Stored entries
──────────────────────────────
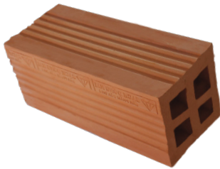
Gạch ống 8x8x18 cm
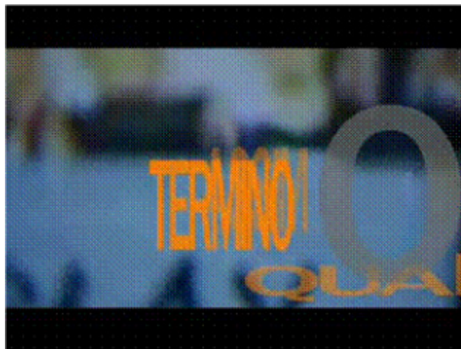
Wilton Azevedo - Quando Assim Termino o Nunca... - 2004
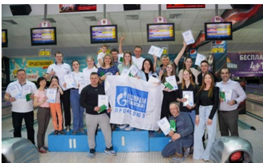
В турнире по боулингу приняли участие 78 человек
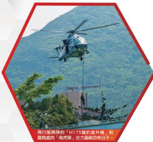
飛行服務隊的「H175獵豹直升機」和警務處的「飛虎隊」合力圍剿恐怖分子。
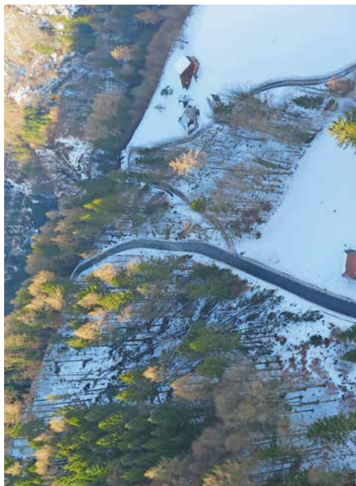
Blees / Rütiwald
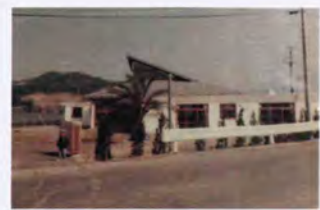
昭和50年頃の写真です。

この4月からは、「かみあり保育園」という新しい保育園としてまた生まれ変わります。
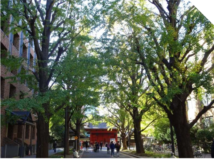
本郷キャンパス内より 赤門を望む
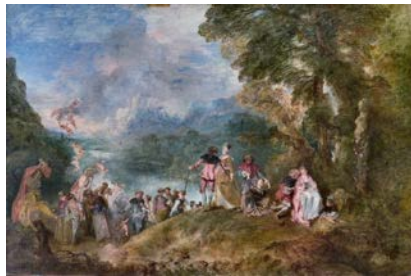
Embarquement pour Cythère , Watteau - 1717
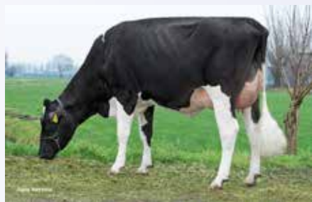
Guard dochter Jonker Stoffelina 348

Met nu 135 Nederlandse dochters en 241 Duitse dochters in zijn fokwaarde steeg de productie van de Duitse stier Guard naar 510 kg met daarbij torenhoog eiwit (+0,36%). Guard stijgt maar liefst 6 punten voor benen en wist zijn goede bevruchtingsresultaten van +3 mooi op peil te houden. Compacte niet te grote koeien met hoge gehalten is wat Guard u kan geven.
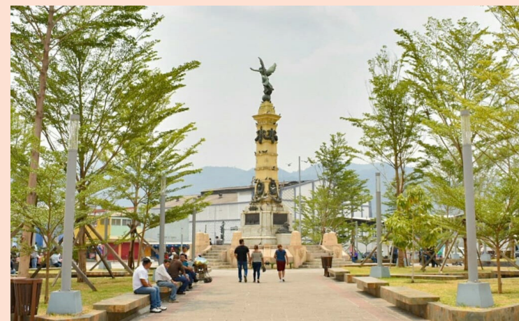
En el decreto no menciona los sitios donde se colocarán el internet. Solo menciona que serán en 440 sitios del país.

El decreto establece que los recursos servirán para financiar el servicio de conectividad de banda ancha de 440 sitios públicos durante el periodo comprendido entre julio y octubre del presente año, “y para la implementación de programas de for-
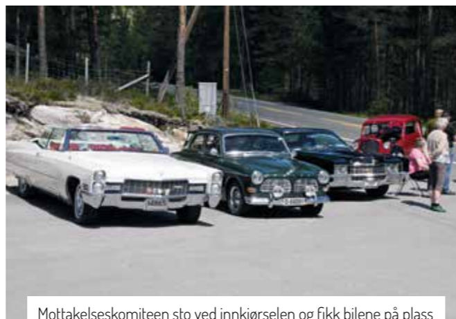
Mottakelseskomiteen sto ved innkjørselen og fikk bilene på plass
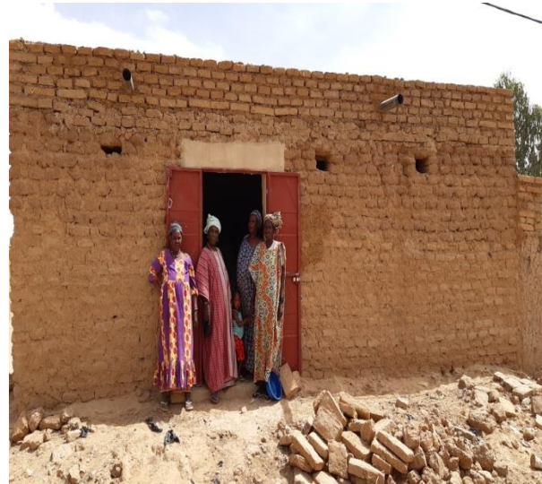
Banque de céréales construite sur fonds propre par le réseau Medine
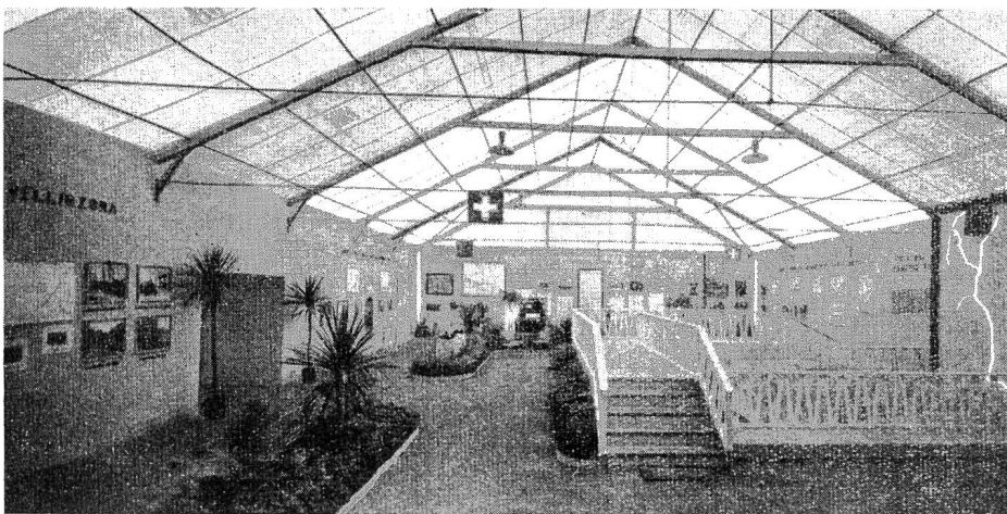
Fig. 33 Generalansicht des Elektrizitätspavillons vom Eingang aus.

Tessiner Weine und die Tessiner Landwirtschaft waren dieses Jahr wieder vertreten, was ein erneuter Beweis des Willens der Veranstalter und der Aussteller war, das Leben und die Landwirtschaft des südlichen Kantons vollständig zu zeigen.
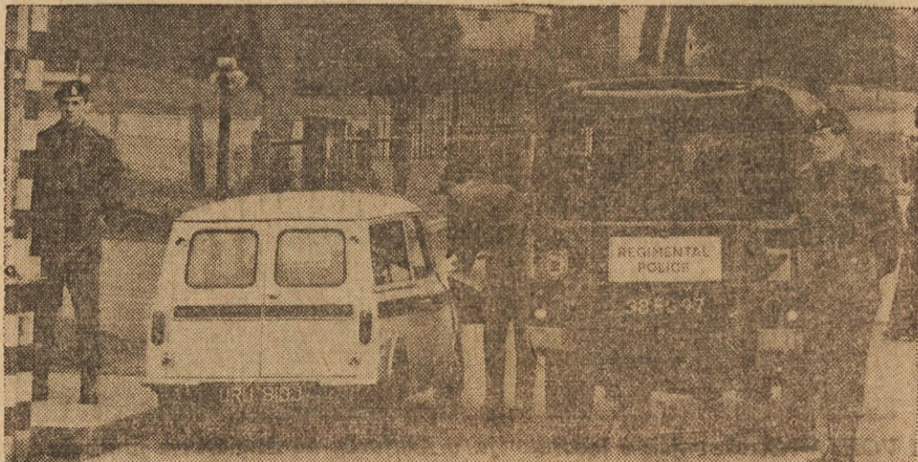
PREVIDNOST NA MESTU! — Britanske čete pregledujejo dokumente vseh, ki prihajajo v bližino stanovanja princeze Ane in nje nega-voja Marka Phillipsa v Oak Grove.
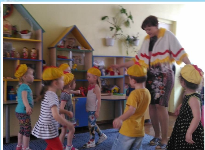
П/и «Вышла курочка гулять»
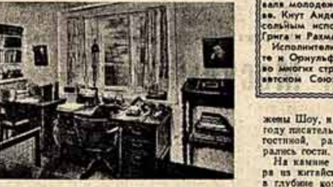
Рабочий кабинет писателя в «Уголке Шоу».
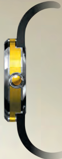
РЕФ. 9015/1871999 КОРПУС НЕРЖАВЕЮЩАЯ СТАЛЬ С ЭМАЛЬЮ РУЧНОЙ РАБОТЫ ЦИФЕРБЛАТ ЧЕРНЫЙ С ОТДЕЛКОЙ АЛМАЗНОЙ ГРАНЬЮ РЕМЕШОК КОЖА
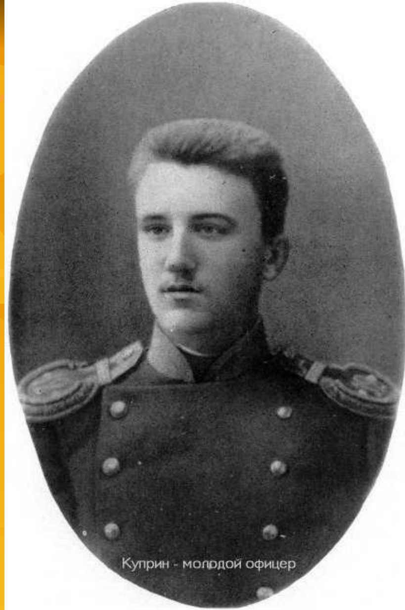
Куприн - молодой офицер
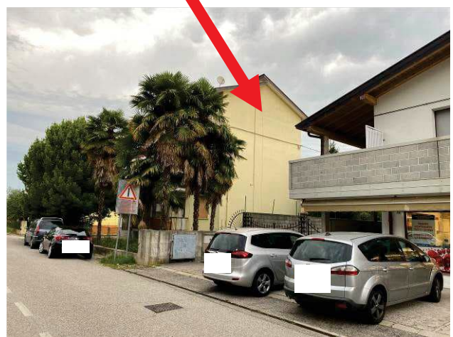
particolare prospetto lato sud
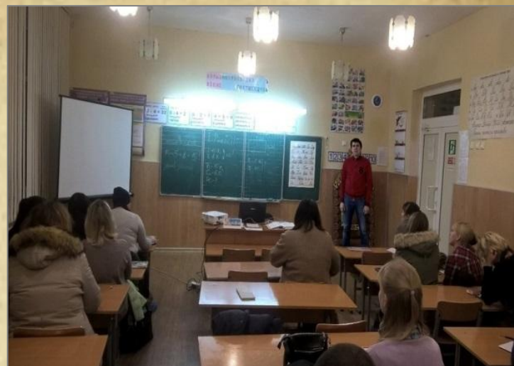
Выступает на родительском собрании
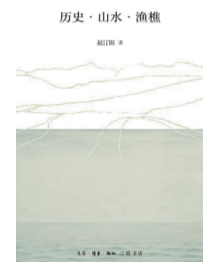
《历史·山水·渔樵》 赵汀阳 著 生活·读书·新知三联书店

本书以历史大变迁为背景，有效地呈现了“艺术”在不同文化语境中的具体含义，并以各种艺术风格的形成、发展为线索，全面解析了4500年来印度审美风尚的历时性嬗变。此外，针对21世纪的艺术应如何在尊重传统文化遗产与建立现代艺术之间取得平衡的问题，作者在层层递进的论述中巧妙地给予了回应和解答。全书近300幅精心挑选的彩色插图堪为一场奇妙的视觉盛宴。
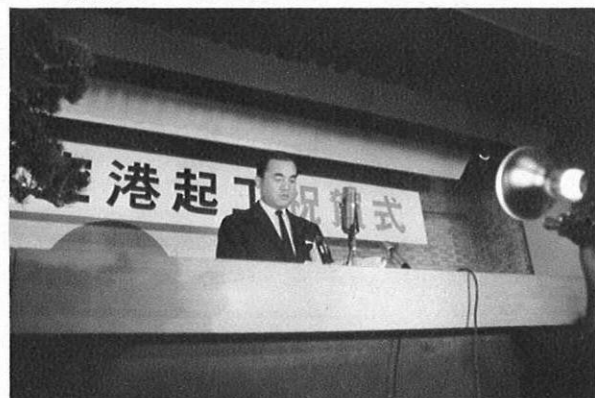
下・起工式のあと、県庁大会議室で開かれた祝賀式で、告辞を述べる中曽根運輸大臣
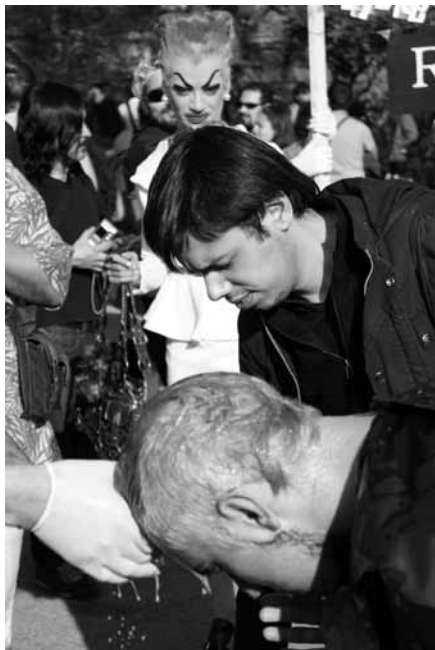
Imagen 4. Fotograma de Rubias para el Bicentenario (2010).

Otro de los procedimientos reconocibles podría ser el de la teatralización como artificio poético, tal el caso del documental argentino Rosa patria (2009) de Santiago Loza, presentado en el sexto festival Diversa. Denominada por su propio realizador como un “documental teatral”, la película se postula como un intento de reconstrucción posible de algunos aspectos de la vida y la obra de Néstor Perlongher. A sabiendas de que la memoria es un mosaico de imágenes de diferentes registros y texturas y ante la carencia audiovisual de ese archivo, se opta por una ampliación asociativa de lo que los testimonios registrados por Loza despliegan en su evocación. Así la performance poética de María Inés Aldaburu interpretando la poesía de Perlongher, las canciones interpretadas por Carlos Casella, las teatralizaciones de Maruja Bustamante, Gael Policano Rossi y Leandro Airaldo de ciertos episodios de la vida cultural de los setenta van anudando una trama ficticia como manto de opacidad ante la supuesta “verdad” del testimonio oral. Aquí los usos del testimonio se tensionan con el artificio de lo teatral (la mostración del proceso de ensayo o las pruebas de cámara previas a que la o él entrevistado comiencen a responder).
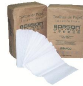
IN 60 Papel Toalha 2 dobras
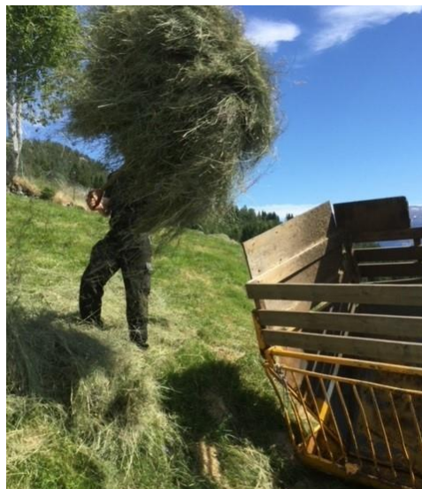
Bilete frå Fykse der mykje av arealet vert hausta og slått med tohjulsslåmaskin og ryddesag.

Krav: Området skal merkast i kart. Arealet skal slåast minst ein gong i året i tillegg til beiting. Sats: Opptil 50 % av maksimalt 2000 kr per dekar.
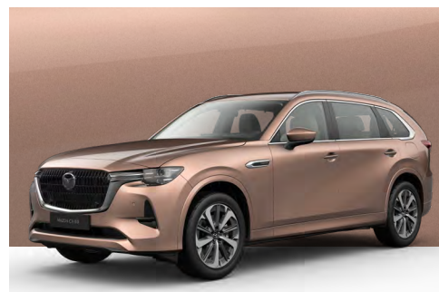
MELTING COPPER | €850 €714,29
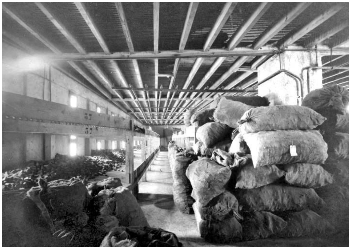
Intérieur du séchoir à ébauchons (3e étage), en 1926.
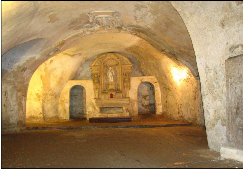
Fot. 4. Svatý Jan pod Skalou Photo 4. Svatý Jan pod Skalou

tach 1710-1711. Początkowo zastępowała kościół, który zbudowano we wsi w 1735 r. W późniejszym okresie kaplicę wykorzystywano jako miejsce pielgrzymkowe. W komorach jaskini miejscowy rzeźbiarz Schielle wyrzeźbił reliefy nawiązujące do scen z Tajemnic Różańca (Bílková i in. 2002). Od 2002 r. kaplica jest zamknięta, ale możliwe jest jej zwiedzanie (klucze dostępne w Urzędzie Miasta).
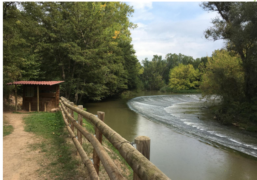
RESCLOSA DELS MANRESANS (L'INICI DE LA SÈQUIA)
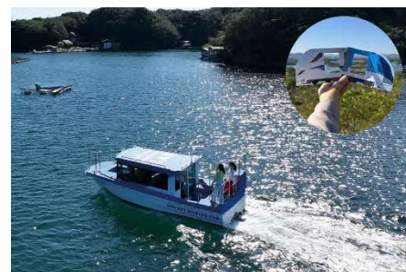
英虞湾周遊クルーズ・車窓カード イメージ
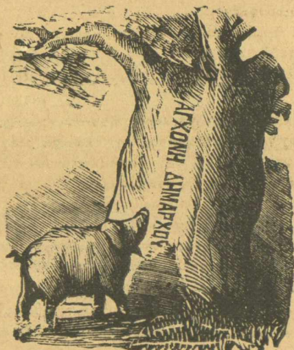
Τὸ δένδρο αὐτὸ τὸ θανατᾷει καὶ ἕνα χρυσογούρνο.

Τὴν νύχτα τῆς τετράτης καὶ στῆς 5 ὕστερα ἀπὸ τὸ μεσημέρι, ἀφοῦ τὸν σάπισαν στὸ ξύλο, πού ὡς καὶ ὁ κλητῆρας πού τὸν εἰσαγγέλει μὲ τὸν ψαρεβούρδουλα εἶχε κουραστῆ καὶ κόλλη-
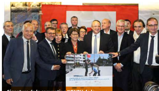
Signature de la convention NPNRU de la Métropole Européenne de Lille le 20 décembre 2019

Là encore, Vilogia a répondu présent et s'est engagé dans 21 projets répartis entre la Métropole Européenne de Lille, l'Île-de-France, la métropole nantaise et le Grand Sud. Dans les 10 prochaines années, pas moins de 2093 logements doivent être déconstruits et reconstruits tandis que 2 927 autres seront réhabilités pour un budget total de 640 millions d'euros.
──────────────────────────────
### WHAT YOU HAVE TO DO
Each line that has the word "pour" counts once. How many such lines are in the data? Give the number alone.

### OUTPUT BELOW
2